Efficacy and Safety Study of Ozanimod (RPC1063) in Relapsing Multiple Sclerosis Patients (RADIANCE)

• ClinicalTrials.gov Identifier: NCT01628393
• Recruitment Status: Completed
• First Posted: June 26, 2012
• Results First Posted: February 11, 2021
• Last Update Posted: February 11, 2021
• Sponsor: Celgene
• Information provided by (Responsible Party): Celgene

Study Description

Brief Summary:

This study is a two-part trial consisting of Part A (presented in this record) and Part B (see NCT02047734).

The primary objective in Part A of this study was to demonstrate the superior efficacy of ozanimod compared to placebo by showing a reduction in the cumulative number of total gadolinium-enhancing (GdE) lesions from Week 12 to Week 24 in patients with relapsing multiple sclerosis (RMS).

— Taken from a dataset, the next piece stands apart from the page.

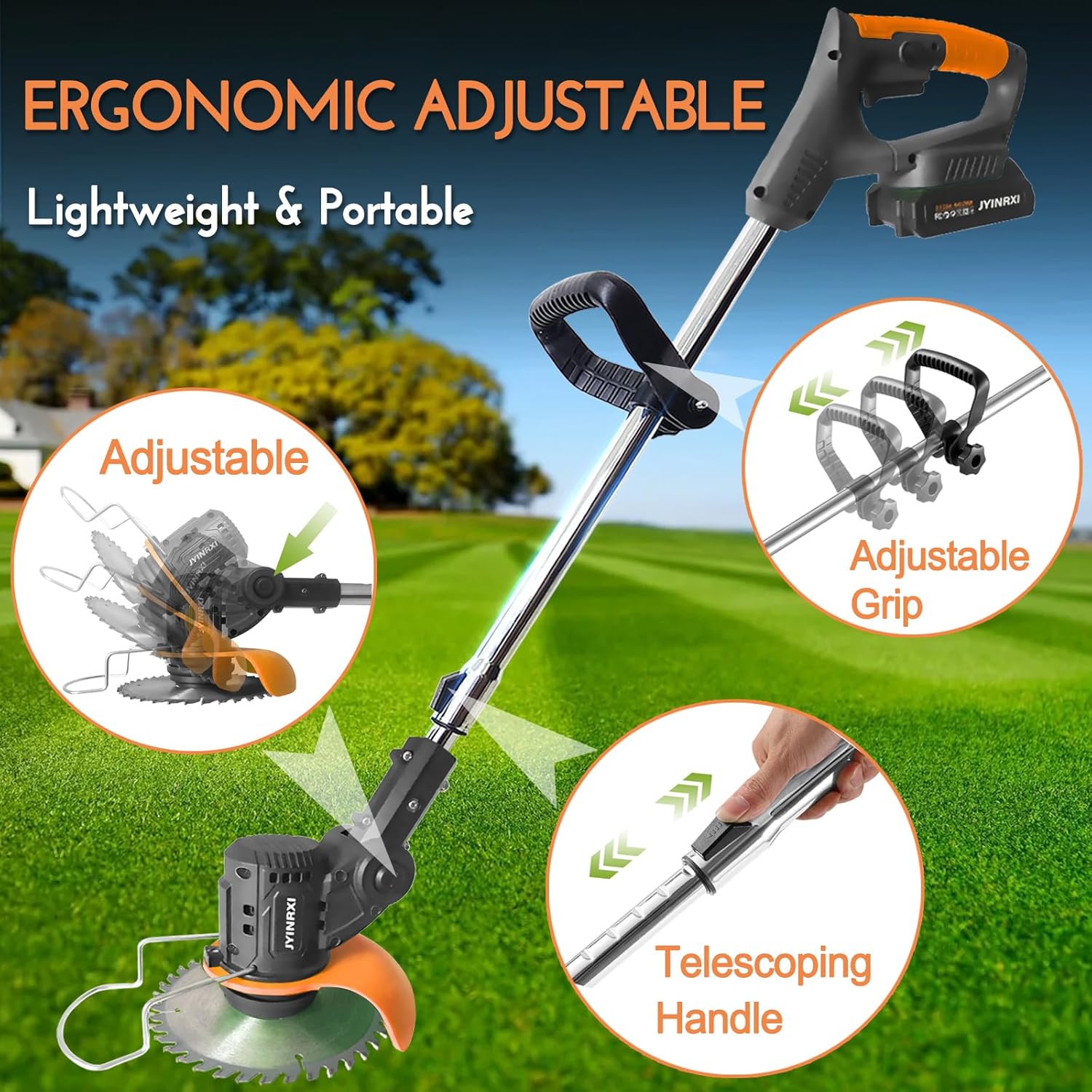 - Lightweight and comfortable design:Our lightweight weed wacker weighs only 3.2 pounds, Whether it's women or elderly people, it can all be easily used. Battery weed wacker with charger with Ergonomic trimming handle without bending over. Work in the most comfortable position, greatly reducing the stress on the back and waist. Enjoy fast and efficient pruning, easily maintain the cleanliness and tidiness of gardens and courtyards.

Condition or disease	Intervention/treatment	Phase
Relapsing Multiple Sclerosis	Drug: Ozanimod; Drug: Placebo	Phase 2; Phase 3

Study Design

• Study Type: Interventional (Clinical Trial)
• Actual Enrollment: 258 participants
• Allocation: Randomized
• Intervention Model: Parallel Assignment
• Masking: Quadruple (Participant, Care Provider, Investigator, Outcomes Assessor)
• Primary Purpose: Treatment
• Official Title: A Phase 2/3, Multi-center, Randomized, Double-blind, Placebo-controlled (Part A) and Double-blind, Double-dummy, Active-controlled (Part B), Parallel Group Study to Evaluate the Efficacy and Safety of RPC1063 Administered Orally to Relapsing Multiple Sclerosis Patients
• Actual Study Start Date: September 18, 2012
• Actual Primary Completion Date: April 13, 2014
• Actual Study Completion Date: May 11, 2016

Arms and Interventions

Arm	Intervention/treatment
Experimental: Ozanimod 0.5 mg; Participants received ozanimod 0.5 mg oral capsules daily for 24 weeks. Participants who completed the 24-week treatment period had the option to enter the blinded extension period and continue to receive ozanimod 0.5 mg weekly for another 96 weeks.	Drug: Ozanimod; Oral capsule taken once a day; Other Names: RPC1063; Zeposia®
Experimental: Ozanimod 1 mg; Participants received ozanimod 0.5 mg oral capsules daily for 24 weeks. Participants who completed the 24-week treatment period had the option to enter the blinded extension period and continue to receive ozanimod 1 mg weekly for another 96 weeks.	Drug: Ozanimod; Oral capsule taken once a day; Other Names: RPC1063; Zeposia®
Placebo Comparator: Placebo; Participants received placebo to ozanimod oral capsules daily for 24 weeks. Participants who completed the 24-week treatment period had the option to enter the blinded extension period and were randomized to receive ozanimod 0.5 mg or 1 mg weekly for 96 weeks.	Drug: Ozanimod; Oral capsule taken once a day; Other Names: RPC1063; Zeposia®; Drug: Placebo; Oral capsule taken once a day

Outcome Measures

Primary Outcome Measures :

1. Total Number of Gadolinium-Enhancing (GdE) Lesions Assessed on Brain Magnetic Resonance Imaging (MRI) From Week 12 to Week 24 [ Time Frame: From Week 12 to Week 24; MRI was performed at Weeks 12, 16, 20, and 24 ]
   The cumulative number of total GdE lesions on MRI from Week 12 to Week 24. MRI scans were assessed and scored by an independent MRI analysis center with no knowledge of treatment assignment or outcomes.

Secondary Outcome Measures :

1. The Number of Gadolinium-Enhancing Lesions on Brain MRI Scan at Week 24 [ Time Frame: Week 24 ]
   MRI scans were assessed and scored by an independent MRI analysis center with no knowledge of treatment assignment or outcomes.
2. The Total Number of New or Enlarging Hyperintense T2-Weighted Brain MRI Lesions From Week 12 to Week 24 [ Time Frame: Week 12 to Week 24; MRI was performed at Weeks 12, 16, 20, and 24 ]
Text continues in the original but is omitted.